Pendant des années, elle a fumé, débordé, empesté. Elle a rendu l’air irrespirable, l’eau suspecte, la vie quotidienne pénible. À Hamdallaye, au cœur de Conakry, la décharge de Dar-Es-Salam s’est imposée comme un symbole brutal de l’abandon urbain et de l’aveuglement collectif. Aujourd’hui, pourtant, l’horizon semble enfin s’éclaircir : la fin de ce monstre environnemental est annoncée.
Le ministre de l’Hydraulique et des Hydrocarbures, Aboubacar Camara, a confirmé ce que beaucoup n’osaient plus espérer : un financement de 70 millions d’euros est mobilisé pour fermer définitivement Dar-Es-Salam et transférer la décharge vers Baritôdé, dans la commune de Kouria, préfecture de Kindia. Une décision lourde de sens, autant politique que sanitaire.
Derrière ce chiffre, il y a des partenaires internationaux, mais surtout une prise de conscience tardive. Vingt millions d’euros viendront de l’Union européenne, cinquante de l’Agence française de développement.

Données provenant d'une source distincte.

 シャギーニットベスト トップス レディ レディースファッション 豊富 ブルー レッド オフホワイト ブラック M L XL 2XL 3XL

Une enveloppe conséquente, à la mesure d’un problème que les riverains dénoncent depuis des décennies, souvent dans l’indifférence, parfois au prix de leur santé.
Le ministre ne minimise pas l’ampleur du désastre. Il reconnaît la gravité de la situation actuelle et admet l’urgence d’y mettre fin. Il insiste aussi sur l’implication personnelle du Premier ministre, Amadou Oury Bah, dans un dossier longtemps repoussé d’un ministère à l’autre. Car Dar-Es-Salam n’est pas qu’une décharge : c’est une bombe sanitaire posée en pleine zone urbaine, un risque permanent pour des milliers de familles.

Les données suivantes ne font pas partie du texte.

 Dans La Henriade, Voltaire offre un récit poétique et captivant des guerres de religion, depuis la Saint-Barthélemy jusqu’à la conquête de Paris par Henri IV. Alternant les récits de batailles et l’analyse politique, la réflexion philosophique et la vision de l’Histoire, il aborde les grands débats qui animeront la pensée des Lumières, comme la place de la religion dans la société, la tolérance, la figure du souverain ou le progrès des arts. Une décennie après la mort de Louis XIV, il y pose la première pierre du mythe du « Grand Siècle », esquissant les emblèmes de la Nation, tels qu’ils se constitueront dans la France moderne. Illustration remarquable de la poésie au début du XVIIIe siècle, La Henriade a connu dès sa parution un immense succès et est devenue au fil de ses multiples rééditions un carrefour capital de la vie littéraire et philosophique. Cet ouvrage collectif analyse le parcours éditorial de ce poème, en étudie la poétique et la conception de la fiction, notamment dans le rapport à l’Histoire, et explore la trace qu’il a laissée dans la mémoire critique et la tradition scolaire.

Les choses, cette fois, semblent avancer. Les études techniques et environnementales ont été lancées il y a quelques semaines. Pas question, assure-t-on, de déplacer le problème sans le résoudre. À Baritôdé, les projections se font sur cinquante ans, intégrant croissance démographique et urbanisation future. Une façon de dire : plus jamais ça. Plus jamais une décharge devenue ville, plus jamais une ville transformée en dépotoir.
Invité sur le plateau de la RTG, Aboubacar Camara se veut catégorique : la délocalisation sera définitive. Mieux, il esquisse déjà l’après. La fermeture de Dar-Es-Salam pourrait transformer ce no man’s land toxique en un espace à forte valeur immobilière. Une perspective presque ironique quand on pense à ce que ce site a infligé à ses voisins pendant tant d’années.
Il faut se souvenir qu’en juillet 2025, le Premier ministre s’était rendu sur place, face aux populations excédées. Des études avaient alors été annoncées, menées notamment par le cabinet Artelia, pour baliser une sortie de crise. À l’époque, beaucoup avaient accueilli ces promesses avec scepticisme.
Aujourd’hui, les financements sont là, les études sont lancées, le calendrier semble enclenché. Reste l’essentiel : transformer l’annonce en réalité. Car à Dar-Es-Salam, on a appris à se méfier des discours. Et à espérer, malgré tout, que cette fois, Conakry pourra enfin respirer.